Input cropped and registered fundus photographs with their accompanying thickness maps generated by SD-OCT (used as the ground truth) as well as the predicted thickness maps generated by the model with regional volumes shown in the grid, and peripapillary plus total volumes shown in the lower left hand corner (in mm\(^3\)) shown in order of increasing swelling. Each column represents a different subject.

Average feature importance across all models was calculated by permuting the features and looking for change in the model error. Top features were found to be entropy in large neighborhoods as well as features that accentuate color change, such as hue, saturation Fig. 4(c), or the histogram equalized image Fig. 4(d). All features that had distinctly different values for the optic disc compared to the peripheral area were helpful in distinguishing swollen regions from non-swollen regions.

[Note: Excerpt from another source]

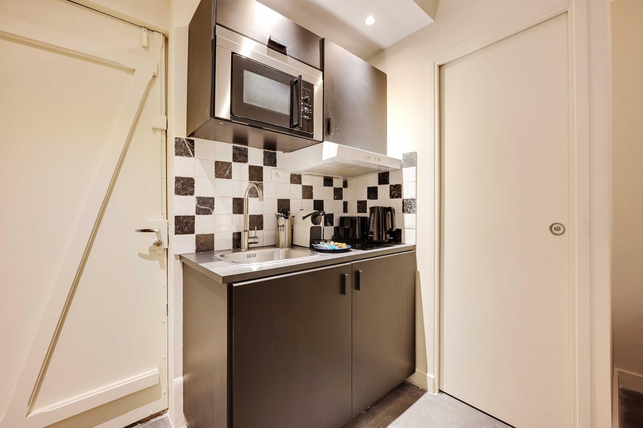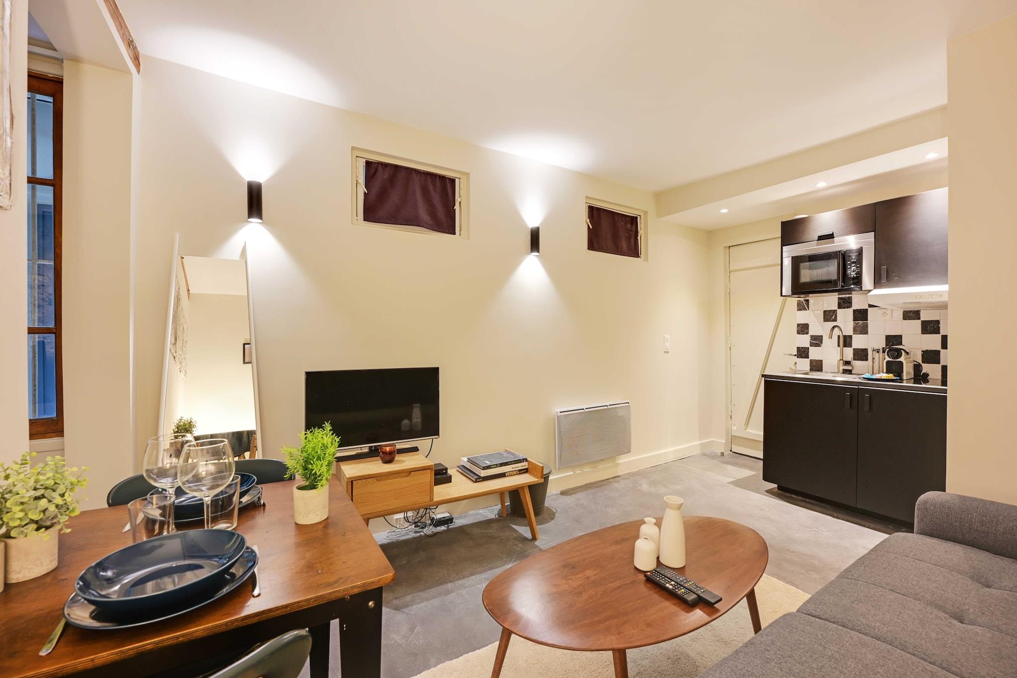 Stueetage: (Stue(dobbeltsovesofa, Fjernsyn, spisebord), åbent køkken(kakkelovn, elkedel, brødrister, kaffemaskine, mikrobølgeovn, køleskab, elektriske kogeplader, , , Wine glasses), soveværelse(, , Queen Bed), badeværelse(bruser, håndvask, toilet, føntørrer, , )) , varme, strygejern, Håndklæder/sengelinned (inkl.), , , Carbon monoxide detector, Cleaning Disinfection, Downtown, Enhanced cleaning practices, Extra pillows and blankets, High touch surfaces disinfected, Long term stays allowed, Path to entrance lit at night, Room-darkening shades, Town

5 Discussion and Conclusion

In this preliminary study, we have shown that the proposed method demonstrates the monocular fundus photographs as a potentially lower cost but more available alternative to the SD-OCT in the primary care or telemedical settings in cases of assessment for optic disc swelling. Using features pertaining to textural and color information obtained directly from the fundus photographs, akin to properties neuro-ophthalmologists use, local thickness measurements can be estimated using a regression model trained on a variety of subjects with varying degrees of swelling. The ability to assess depth information at the swollen regions can help clinicians identify onset of diseases in earlier stages; for example, papilledema (a particular type of optic disc swelling due to increased intracranial pressure) often presents with swelling in the nasal quadrant relatively early [11]. In addition, the predicted thickness maps provide a future opportunity to create 3D retinal shape models directly from the 2D monocular fundus photographs. The retinal shape information is hypothetically helpful for distinguishing the different causes of the optic disc swelling.

The limitations of this work may include: (1) the lack of subjects with severe optic disc swelling causes the trained classifiers to slightly underestimate the retinal thickness at the extremely swollen regions, and (2) the thickness predictions at the regions with imperfect vessel inpainting are less accurate due to the inconsistent texture information between the swollen retinal tissue and the vessel residual. Potential future work can involve collecting more SD-OCT and fundus image pairs with various severity of optic disc swelling or creating 3D retinal shape models directly from the 2D fundus photographs to help identify causes of optic disc swelling.